Но за одну ночь исцеления вряд ли добьешься, даже при наличии участливой матери, калорийного завтрака и освежающего купания, и к тому времени, как я приняла душ, смыв запах хлорки пенистым гелем с малиновым запахом, мое сердце снова кольнула печаль. И тут я вспомнила, что Джек оставлял сообщения на моем автоответчике, и, не успев прийти в себя, оказалась в гостевой комнате в одном пушистом голубом полотенце и набрала собственный нью-йоркский номер. Едва заработал автоответчик, – я съежилась, услышав свой сухой, официальный голос, просивший оставлять сообщения, – набрала код, и минуту спустя электронный голос объявил, что всего имеется десять таковых. И почти немедленно в ушах зазвучал теплый, низкий, окрашенный тревогой голос Джека.

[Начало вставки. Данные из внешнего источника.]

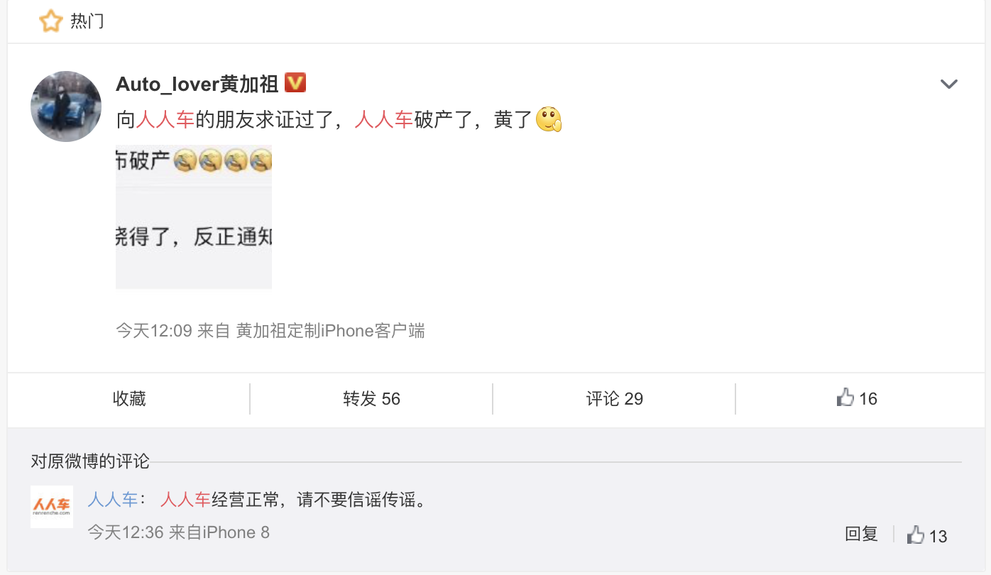 随后,官博在下方辟谣,称“人人车经营正常”。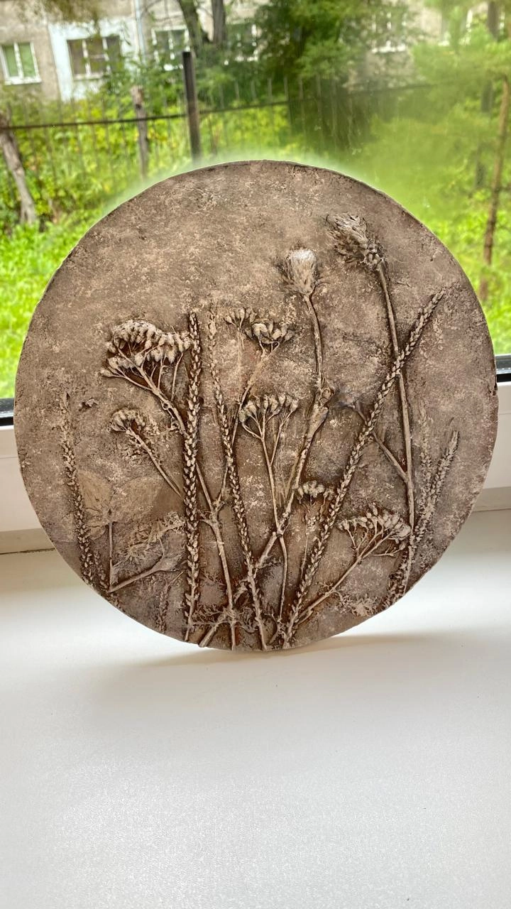 Процесс создания барельефа требует последовательности и внимания к деталям. Светлана подробно описывает технологию: начинается всё с заготовки растений, которые нужно правильно собрать и выложить в глину. Затем она составляет композицию: растения раскладывает на подготовленной поверхности.

– Привет, Клер, это я. Пожалуйста, подними трубку, если ты дома, нам нужно поговорить. Ладно… позвони, когда придешь. Я знаю, ты сердишься, и не виню тебя, но позволь все объяснить, хорошо? Надеюсь скоро тебя услышать.

Джек оставил еще шесть сообщений в таком же духе, и последнее было записано всего за час до моего вчерашнего звонка. Слыша в его голосе беспокойство за меня, волнение по поводу моего отсутствия… просьбы позвонить… я едва удержалась, чтобы не схватить трубку, не набрать номер, не взять обратно все свои жестокие слова. Может, у меня еще остался шанс, если все свалить на временное помрачение или безумие?

Но я понимала, что рука просто не поднимется. Я надеялась, что с какого-то момента сознание того, что я поступила правильно, принесет некоторое облегчение, но пока это было слабым утешением. Может, я и вернула Мадди ее достоинство, и это было здорово, но взамен ничего не получила. Нашей дружбе конец, плюс я потеряла единственную возможность на счастье и любовь, о которых столько пишут, говорят и снимают фильмы.

Следующие два сообщения были из моего офиса: одно вчерашнее, от жуткой Пегги, уведомляющей, что я истратила оба дня, которые имела право проболеть, и весь свой отпуск. Другое, оставленное утром Робертом, так и сочилось раздражением. Начальство приказывало немедленно явиться на работу. Я стерла оба, вяло гадая, есть ли у меня вообще работа. Наверное, рано или поздно мне придется это узнать, но пока что образ жизни флоридских пенсионеров явно оказал на меня свое тлетворное действие. Все, чем занимались матушка, Говард и их друзья – играли в гольф и устраивали по очереди вечеринки с коктейлями, – напоминало бесконечные весенние каникулы в колледже (минус повальное пьянство и мелкое воровство в магазинах).

Может, стоило использовать мое знание проблем, с которыми приходится сталкиваться престарелым гражданам, чтобы втереться в их среду, а потом в подражание Анне Николь Смит выйти за кого-то подряхлее и побогаче, несколько лет исполнять супружеский долг (старательно прятать куда подальше его запасы виагры), после чего годам к сорока остаться богатой вдовой. Согласна, звучит несколько меркантильно, но, по крайней мере, мне больше не пришлось бы возвращаться в угнетающе-серую клетушку и слушать, как Дорис, наш литсотрудник, нудит о своих больных суставах и четырнадцати кошках.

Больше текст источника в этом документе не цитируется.